Transformar pequenas queijarias em atrações turísticas vem se mostrando uma estratégia eficaz para gerar renda, valorizar o meio rural e fomentar o desenvolvimento regional. A prática tem se expandido nacionalmente, acompanhando a demanda crescente por produtos autênticos e experiências que integrem gastronomia, cultura e contato com a natureza.
Embora o queijo da Serra da Canastra, em Minas Gerais, tenha sido por décadas símbolo de tradição e qualidade, outras regiões do país vêm ganhando destaque, obtendo reconhecimento internacional e ampliando o cenário da produção artesanal de queijos no Brasil.
Queijo artesanal
A Rota do Queijo em São Paulo engloba 102 queijarias em 77 municípios, promovendo a produção artesanal, unindo turismo e gastronomia e valorizando a cultura regional. Desde 2022, o número de produtores cresceu 300%, com quatro queijos paulistas entre os dez melhores do mundo no Mondial du Fromage. Iniciativas semelhantes têm surgido em estados como Amazonas, Mato Grosso e em regiões do Norte e Nordeste, que vêm se destacando em concursos nacionais e internacionais.
O fortalecimento das queijarias é apoiado por consultorias técnicas, assessoria jurídica e suporte em certificações, fundamentais para comercialização formal e participação em competições.
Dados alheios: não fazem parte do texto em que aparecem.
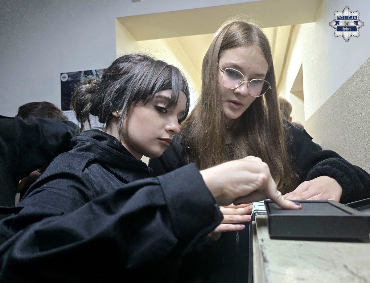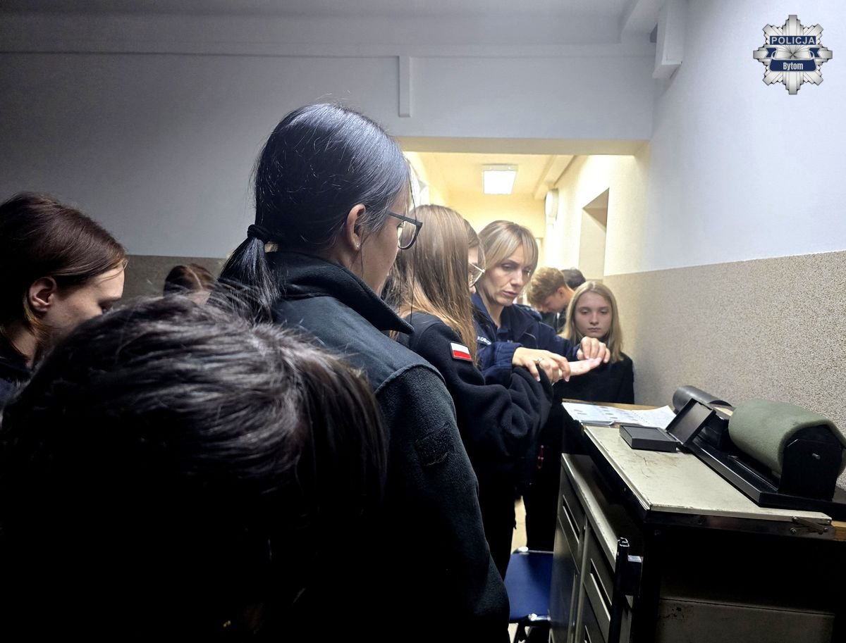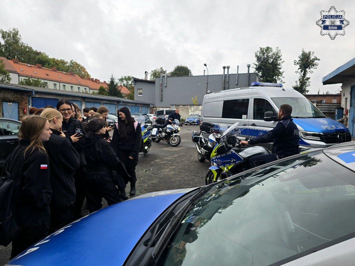 Bytomscy stróże prawa oprowadzili młodzież po najważniejszych miejscach w jednostce, a także zaprezentowali wykorzystywany w codziennej służbie sprzęt. Uczniowie mieli również okazję dowiedzieć się, jakie umiejętności są potrzebne do pracy w danym wydziale. Instruktor strzelań policyjnych omówił i zademonstrował gościom broń palną, będącą na wyposażeniu policjantów.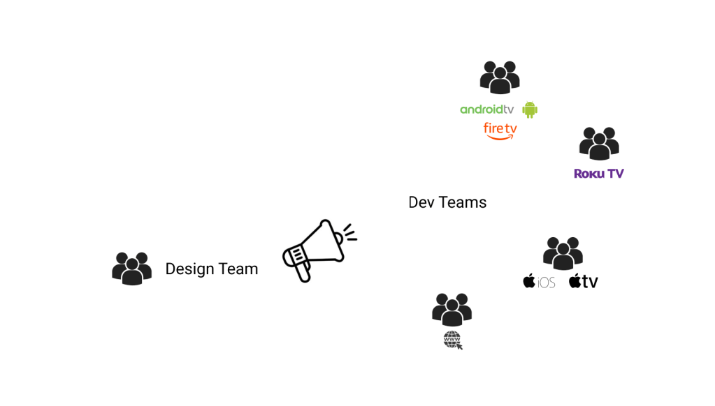 We, the design team, worked with several dev teams, each managing one or three platforms.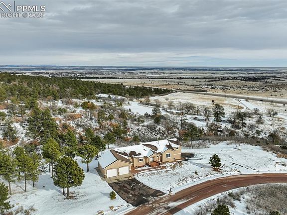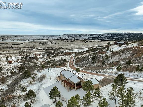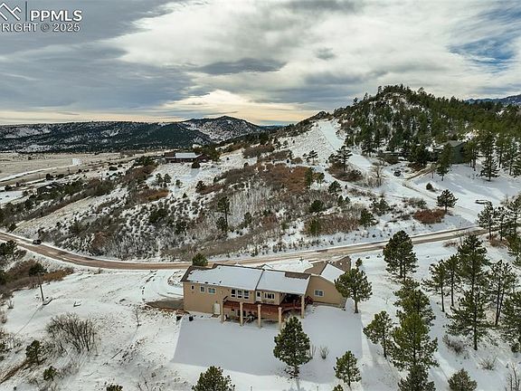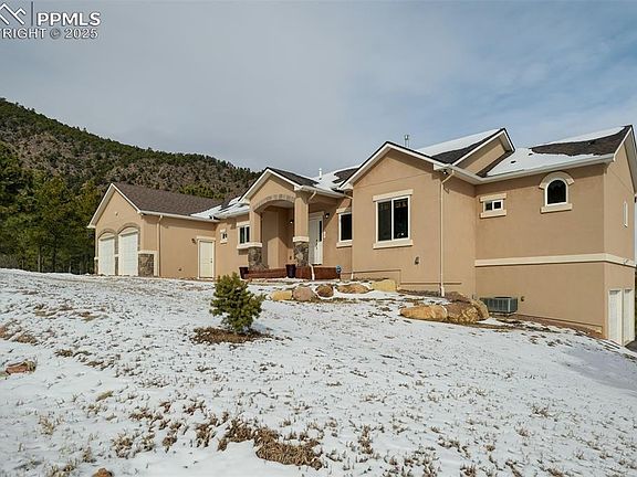A peaceful and private 4 Bed, 3 Bath, 4 Car RANCH with 2 ATTACHED 2-Car Garages. Situated on 5.32 ACRES this home was thoughtfully designed for true MAIN LEVEL LIVING with an open and bright floor plan, large light-filled windows, a wrap-around deck, and it has a WALK-OUT basement. It is conveniently located close to town with lovely views of the foothills & plains. The main level has a large living room that is open to the dining area and kitchen; primary bedroom and bath with double sinks, a stand-alone shower, and walk-in closet; second bedroom (currently used as an office); full bathroom; laundry/mud room with access to the main level's attached two-car garage. The kitchen has Corian countertops, a large kitchen island, pull out shelves, large pantry, stainless steel appliances, propane gas stove top & cherry cabinets. Walk-out onto the large wrap around deck with a covered area and take a look at the incredible views! The lower level has a large family room with a kitchenette, including a sink, refrigerator, butcher block countertop & cabinets. The third and fourth bedrooms are located on this lower level, plus a bathroom with a shower. It has a walk-out to the back patio, a second laundry room, and the entrance to the second two-car garage. The lower level could be great for multi-generational living. It has AC, a stucco exterior, walnut laminate floors that extend into the living room, dining room & kitchen, a tiled entry, covered front porch, humidifier on furnace, carpeted bedrooms, and the lower level family room is LVP. The lot has been well mitigated and the home includes a 9 KW multi-fuel generator with propane hook-up that can run the entire house & well. This home has quick commutes to Colorado Springs, Penrose/Florence, Pueblo or Canon City! And it’s only 8 minutes to Cheyenne Mountain State Park with trails for hiking & biking and 10 minutes to Aiken Canon for hiking. This home is the perfect Colorado Retreat!

Premiações como o Concurso Internacional de Queijo Artesanal em Araxá, o Prêmio Queijo Brasil em Blumenau e o Mundial do Queijo do Brasil oferecem visibilidade e reconhecimento global, consolidando o mercado brasileiro de queijos artesanais.
Turismo rural
O crescimento do interesse pelos queijos artesanais evidencia uma mudança no comportamento do consumidor, que passa a valorizar a origem, a história e o cuidado envolvidos na produção, buscando experiências gastronômicas mais completas. Essa valorização contribui para a sustentabilidade das pequenas propriedades, oferecendo novas fontes de renda e fortalecendo a permanência de famílias no meio rural.
O turismo rural surge como um instrumento estratégico para agregar valor à produção de queijos. Ao abrir suas portas para visitas, degustações e passeios, as propriedades possibilitam a comercialização não apenas de queijos, mas também de produtos típicos como geleias, cafés e bolachas regionais, promovendo uma integração entre produção, gastronomia e lazer.